From NBA To ABA To N/A?

Writing the popular Real Money column at Thestreet.com, Doug Kass says that despite Apple’s poor performance and the media’s doomsday scenarios regarding the much dreaded fiscal cliff, the market has seen modest gains in December.

Whether financial crisis, global warming, gun control, US foreign policy or any other major news story, the media has become an amalgamation of hysterics competing for attention. The media is no longer a watchful eye on those in power, but rather the power itself which needs outside monitoring.
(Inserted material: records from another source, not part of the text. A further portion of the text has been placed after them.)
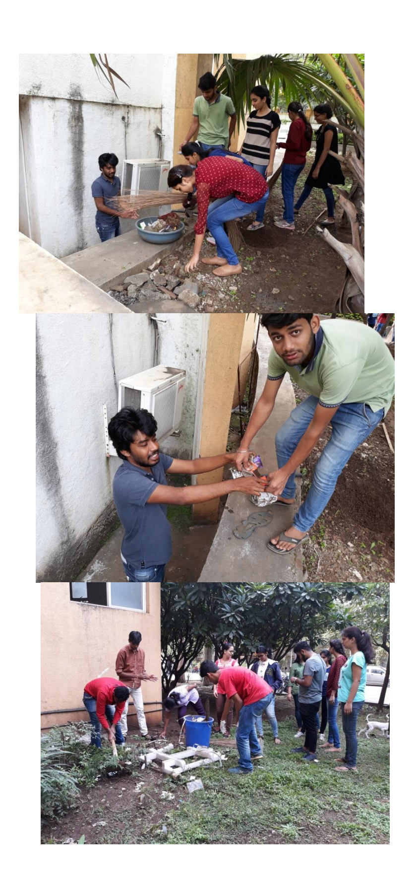
College campus cleanliness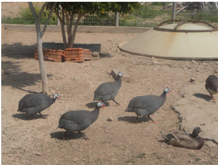
There were also ducks, chickens and these birds, which we believe are guinea fowls.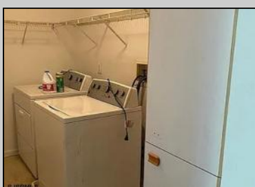
10 Starboard Atlantic City, NJ 08401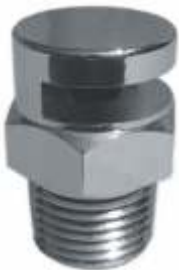
Water Curtain Nozzle Stainless Steel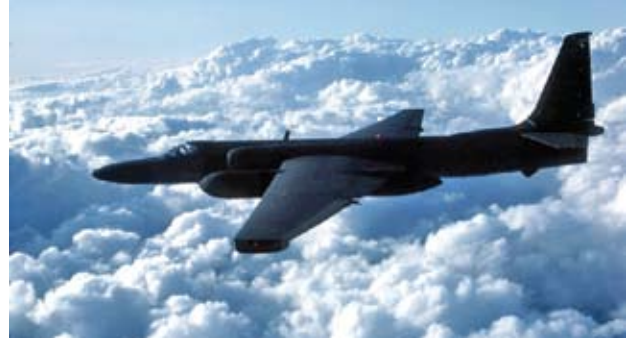
The U-2 "Dragon Lady," provides high-altitude, all-weather surveillance and reconnaissance, day or night, in direct support of U.S. and allied forces.

Historically many nations have fielded tactical reconnaissance aircraft. A partial inventory of U.S. Cold War-era tactical reconnaissance aircraft includes the RF-86F Sabre, the RF-4 Phantom and the photo pod-equipped F-15 Eagle (examples of fighter aircraft fitted for photo reconnaissance missions) and the P-2 Neptune and the P-3 Orion (a versatile maritime patrol aircraft with an ISR mission, and with specialized ISR variants such as the EP-3E ARIES). Japan's Self-Defense Forces have operated these P-2 and P-3 aircraft and their specialized ISR versions. 8

Unfortunately the media, which once upon a time comprised a number of enlightened editors and reporters who understood that the media must use its power in order for the truth to prevail, no longer serves an important role. What are the consequences of abandoning investigative and prudent journalism for sensationalists and lazy news casting masquerading as journalism?

Kass’ reading of the stock market and speculation vis-à-vis Apple’s stock are indicative of the syndrome that pervades the news media: anyone can say anything because information is handily available to anyone with access to internet or TV. Of course anyone should be allowed to say anything, but a world so dependent on the stock market and which sometimes acts like a psychotic rabbit, how can we know what to do with our investments? Perhaps fundamentals are overrated, and a strict adherence to the movement of the individual asset should be the focus – irrespective of world events and expert opinion.